Бедные викинги, они по недалекости своей даже не подозревают, как нагло и цинично их обманывают... Есть оказывается, негласный закон о сдаче природных ресурсов за заведомо необеспеченные бумаги. Любой разумный человек, это понимает, как выяснилось. А государства-экспортеры пребывают в глубоком заблуждении. А они и не знали о нем до сего судьбоносного для всего мира дня, и наивно полагали, что именно разработка своих богатых природных залежей принесло малонаселенной небольшой заполярной стране Норвегии такие профиты как-то: 
Единственная страна мира, сохранившая положительное сальдо бюджета в 2009 г 
По норме накопления делит первые места в мире с Японией и Финляндией.
По ВВП на душу населения занимает 6-е место в мире, ( США - 10-е)
С 2001 г самая достойная для проживания страна в мире - по соотношению продолжительность жизни - уровень доходов - качество образования (метода оценки Legatum,Oxford Analytica,Gallup World Poll Service).
   И если завтра норвежцы решат прекратить торговать сырьем и вернуться к исконным своим промыслам – рыбалке и грабежу окрестных побережий, то Штаты, презрев гласные договоренности НАТО, согласно негласному закону, проведут локальную “бурю свободы’.
Кстати, за грабеж побережий, кроме шуток, можно будет и огрести, на полном серьезе, с одобрения мирового сообщества. С чего начались проблемы одного усатого ближневосточного вождя, если кто запамятовал – влез немножко пограбить соседнее кувейтское и аравийское побережье.  Закончилось все для него несовместимым с жизнью повреждением шейных позвонков спустя более 10 лет с реализации  идеи грабежа, “показавшейся тогда неплохой”. А Ирак как торговал нефтью, так и торгует. Но уже тихо-чинно, не возбухая на соседей и не обстреливая чужие танкеры в Заливе.
Кстати, а что отобрали у бывшей Югославии – какие ресурсы? Вложились в операцию союзники финансово неплохо, а где богатства несметные, согласно негласному закону им положенные ?  
И вроде ни садамовский  Ирак, ни каддафивская Ливия и не собирались никогда прекращать экспорт нефти, ибо не все хотят обратно к исконным промыслам – доить верблюдов.  И свободолюбивый демократичный миролюбивый исламский Иран не собирается. Все готовы продавать богатства за необеспеченные бумаги, глупцы. Включая “великая наша” РФ. 
Другой (и главный) вопрос – как правящие режимы стран этими бумагами распоряжаются.

----------


## APKAH

> Кстати, а что отобрали у бывшей Югославии – какие ресурсы? Вложились в операцию союзники финансово неплохо, а где богатства несметные, согласно негласному закону им положенные ?

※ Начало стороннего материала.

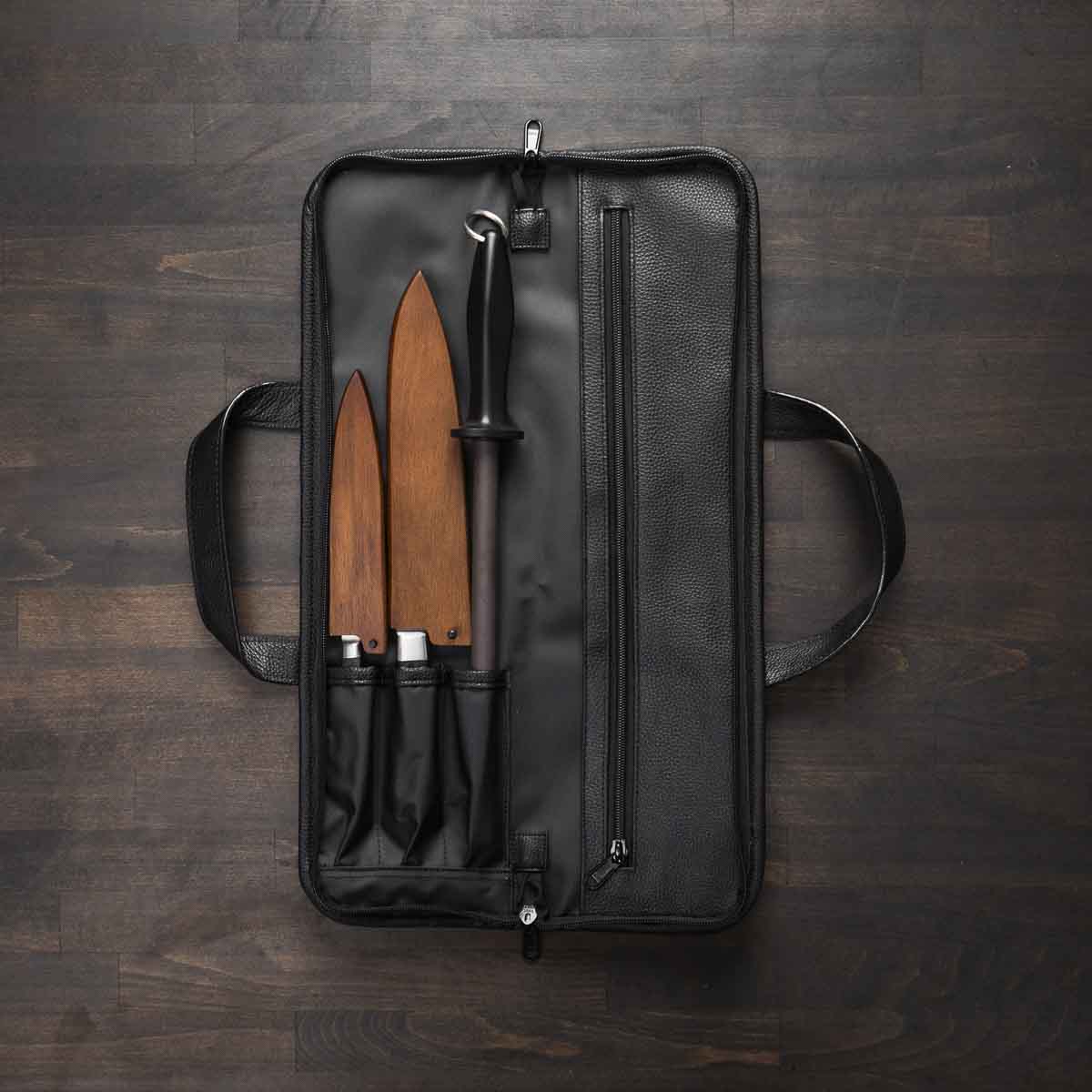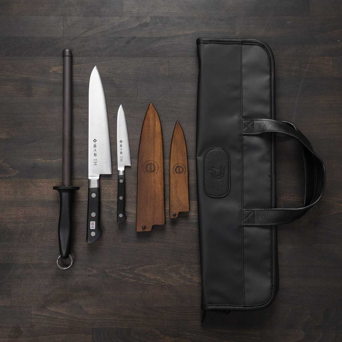Bundle contains Gyuto 210mm, Petty 120m, Wooden Saya x 2, Honing Rod & Porter 3 Pocket Knife Bag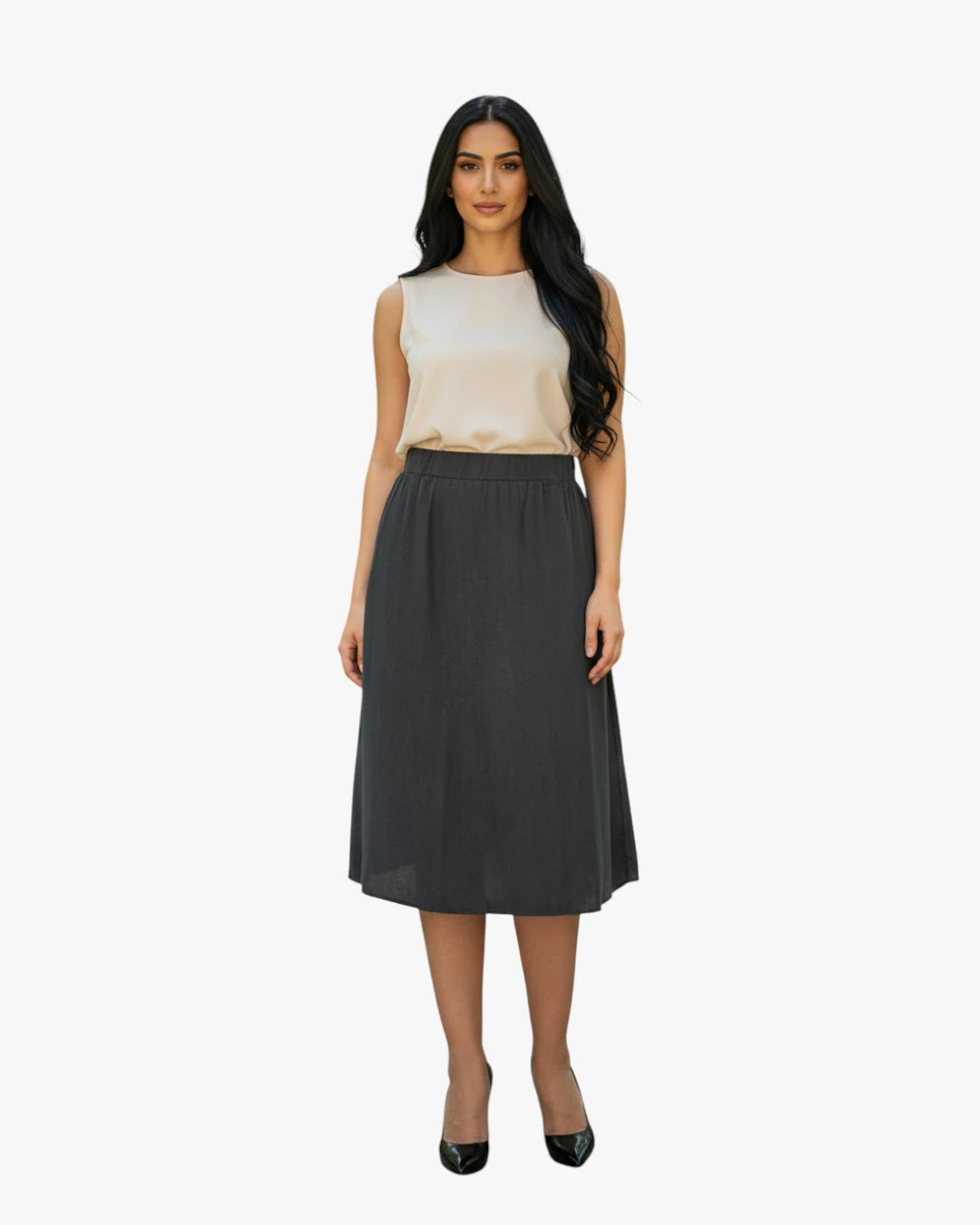 BIS WEAR timeless black midi skirt with a clean, minimalist cut, perfect for understated and versatile styling.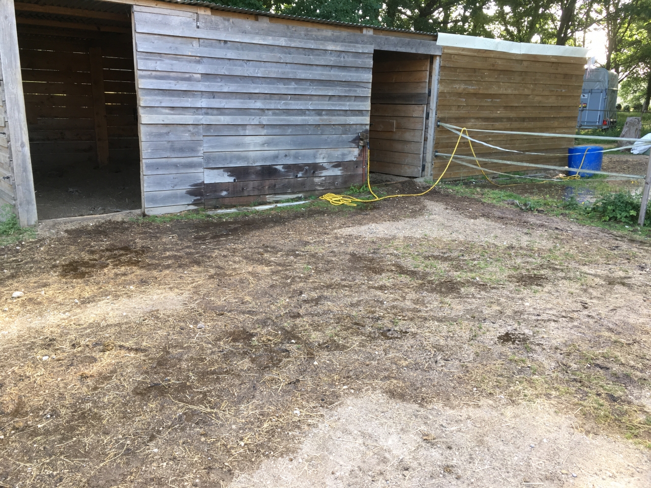 | Dire merci | alors pour préciser, ce n'est pas un abri de pâture mais vraiment une ancienne étable, construite dans une grande grange . le plafond est également le sol du fenier. Il y a une petite aération au fond et une fenêtre un peu plus grande en façade. cette stabulation fait environ 3.50m x 9m. Je n'ai pas assez de largeur pour y faire un couloir, sinon j'aurais préféré y faire 2 boxes. l'idée, c'est que mes chevaux vivent en pré/stabu (à défaut de boxes) à l'année |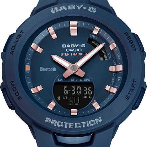 Механизм: Кварцевый. BABY-G с поддержкой соединения Bluetooth и вашего смартфона. При подключении к смартфону часы корректируют текущее время, а также копируют настройки мирового времени.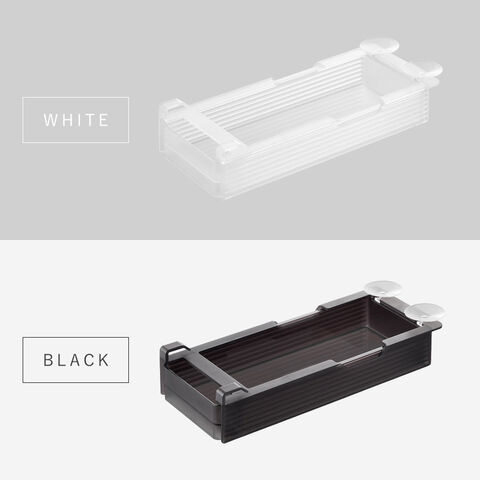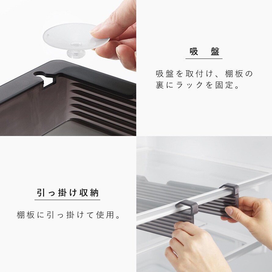 設置は、引っ掛け部を棚板に差し込み、吸盤で固定するだけの簡単仕様。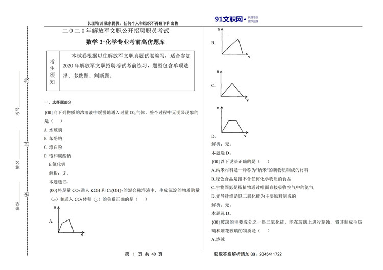 八、解放军文职考试数学3+化学专业面试技巧及模拟题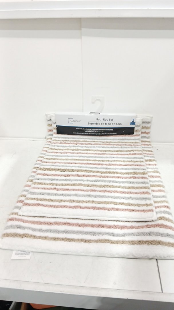 2PC MAINSTAYS STRIPED TUFTED ABSORBENT BATH MAT RUG SET - 20" X 30" / 17" X 24" - CORAL MULTICOLORED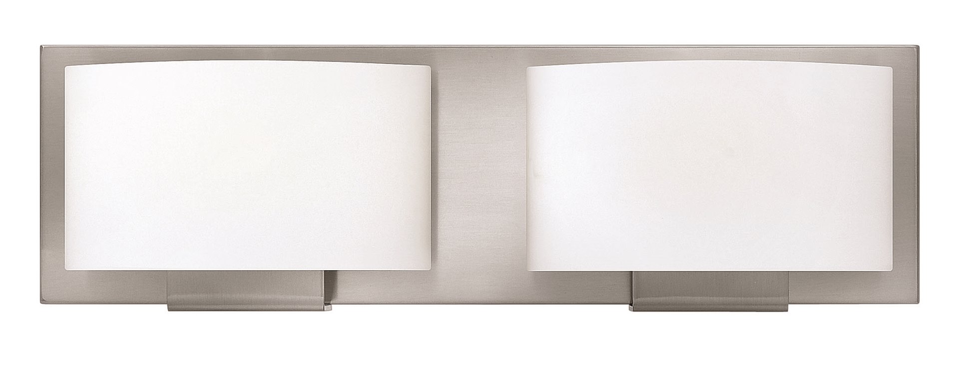 60w Bath Mila G-9 Etched Opal Brushed Nickel Bath Two Light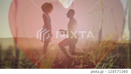 Romantic Illustration of a Couple Holding a Heart with Floral Background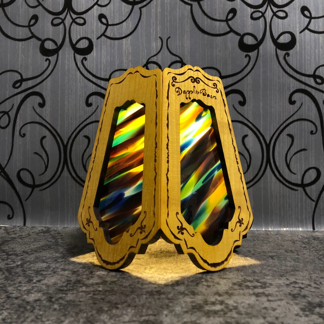ステンドグラスの部分は交換できる仕様になってますので、テントコーデに合わせて変更できます。ガラスはトンボで固定されているので、持ち運ぶ際はガラスを外して運べます。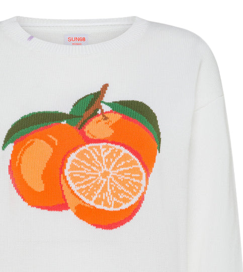 Maglia girocollo a maniche lunghe della nuova collezione p/e 24 firmata SUN68 con fantasia arance ricamata sul fronte in colore a contrasto e dettaglio a contrasto ricamato sul collo e su un polsino.

Это была пощечина России. Это должна была быть прелюдия к богатствам России. Поэтому развал Югославии начали еще до развала СССР, причем Сербии (Серебрянная Русь) досталось больше всех.

----------


## alexvolf

> Кстати, а что отобрали у бывшей Югославии – какие ресурсы? Вложились в операцию союзники финансово неплохо, а где богатства несметные, согласно негласному закону им положенные ?


Sr10
Ну финансовые затраты т.н. коалиции понять можно.Достигнутая -
цель РАЗДЕЛЯЙ И ВЛАСТВУЙ оправдывает все финансовые затраты плюс
к тому же после любого вооруженного конфликта появляются доп. бонусы в различном  виде - начиная от восстановления разрушенного
хозяйства и ВС до создания марионеточного "демократического" правительства...

----------


## alexvolf

> Это была пощечина России. Это должна была быть прелюдия к богатствам России. Поэтому развал Югославии начали еще до развала СССР, причем Сербии (Серебрянная Русь) досталось больше всех.


Если проанализировать причины приведшие к развалу Югославии, то
можно заметить,что они во многом сходны с причинами приведшими к
развалу Советского Союза...

----------


## Sr10

> Это была пощечина России. Это должна была быть прелюдия к богатствам России.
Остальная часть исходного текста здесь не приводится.